▶ [RECORDS FOR PROCESSING]
===

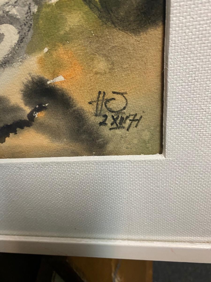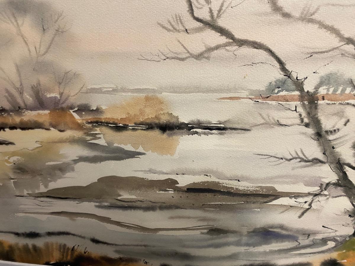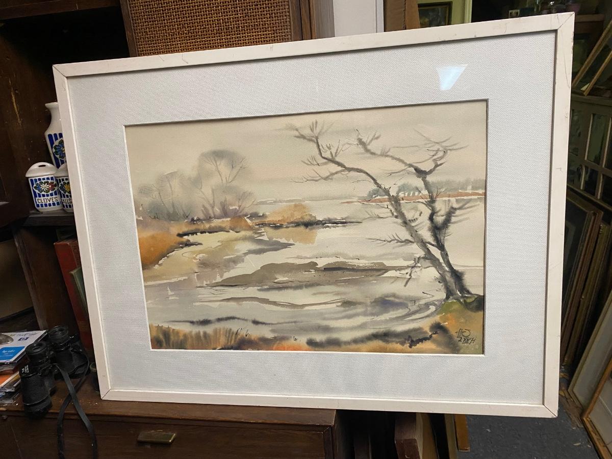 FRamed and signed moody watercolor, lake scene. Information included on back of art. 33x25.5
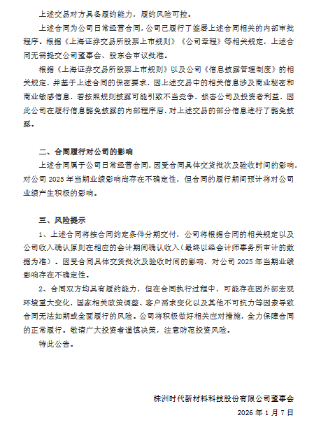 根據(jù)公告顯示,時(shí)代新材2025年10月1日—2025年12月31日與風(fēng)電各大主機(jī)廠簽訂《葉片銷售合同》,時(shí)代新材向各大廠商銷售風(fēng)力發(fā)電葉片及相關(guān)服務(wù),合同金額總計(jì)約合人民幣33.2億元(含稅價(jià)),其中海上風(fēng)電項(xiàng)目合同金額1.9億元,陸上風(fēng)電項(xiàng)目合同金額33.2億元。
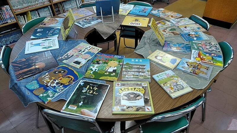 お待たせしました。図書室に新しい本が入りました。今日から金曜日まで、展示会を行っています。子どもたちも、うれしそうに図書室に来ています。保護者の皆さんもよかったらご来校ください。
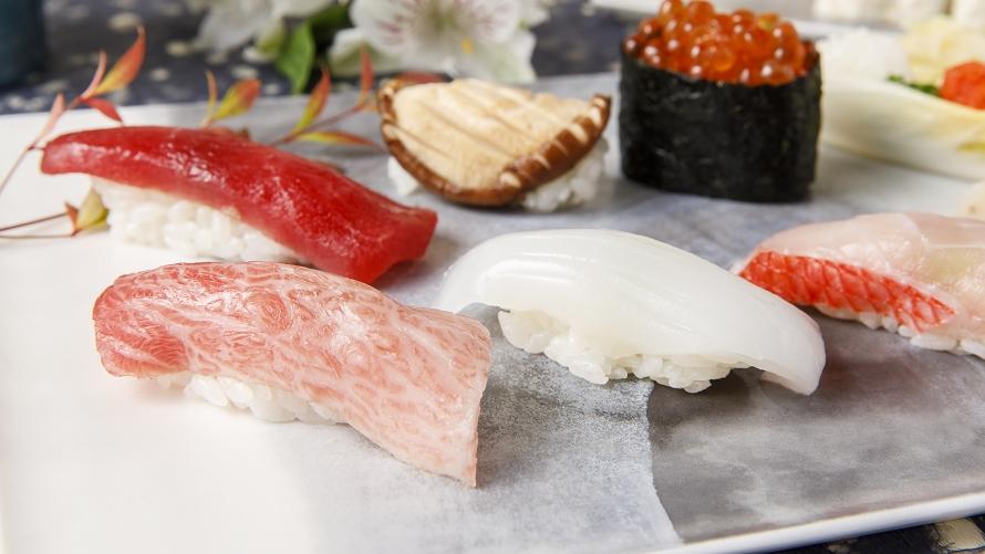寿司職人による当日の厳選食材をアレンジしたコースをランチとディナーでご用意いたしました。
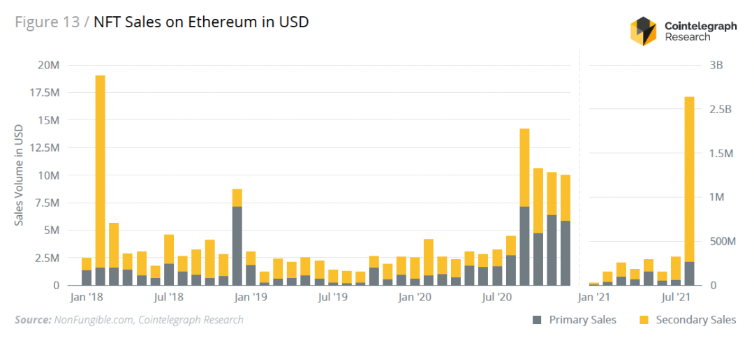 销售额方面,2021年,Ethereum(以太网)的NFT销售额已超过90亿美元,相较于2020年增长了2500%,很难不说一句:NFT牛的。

===

▶ [WORK INSTRUCTIONS] The entries are to be copied exactly, and each image is to be omitted.

▶ [FINISHED TASK]
 FRamed and signed moody watercolor, lake scene. Information included on back of art. 33x25.5
 根據(jù)公告顯示,時(shí)代新材2025年10月1日—2025年12月31日與風(fēng)電各大主機(jī)廠簽訂《葉片銷售合同》,時(shí)代新材向各大廠商銷售風(fēng)力發(fā)電葉片及相關(guān)服務(wù),合同金額總計(jì)約合人民幣33.2億元(含稅價(jià)),其中海上風(fēng)電項(xiàng)目合同金額1.9億元,陸上風(fēng)電項(xiàng)目合同金額33.2億元。
 お待たせしました。図書室に新しい本が入りました。今日から金曜日まで、展示会を行っています。子どもたちも、うれしそうに図書室に来ています。保護者の皆さんもよかったらご来校ください。
寿司職人による当日の厳選食材をアレンジしたコースをランチとディナーでご用意いたしました。
 销售额方面,2021年,Ethereum(以太网)的NFT销售额已超过90亿美元,相较于2020年增长了2500%,很难不说一句:NFT牛的。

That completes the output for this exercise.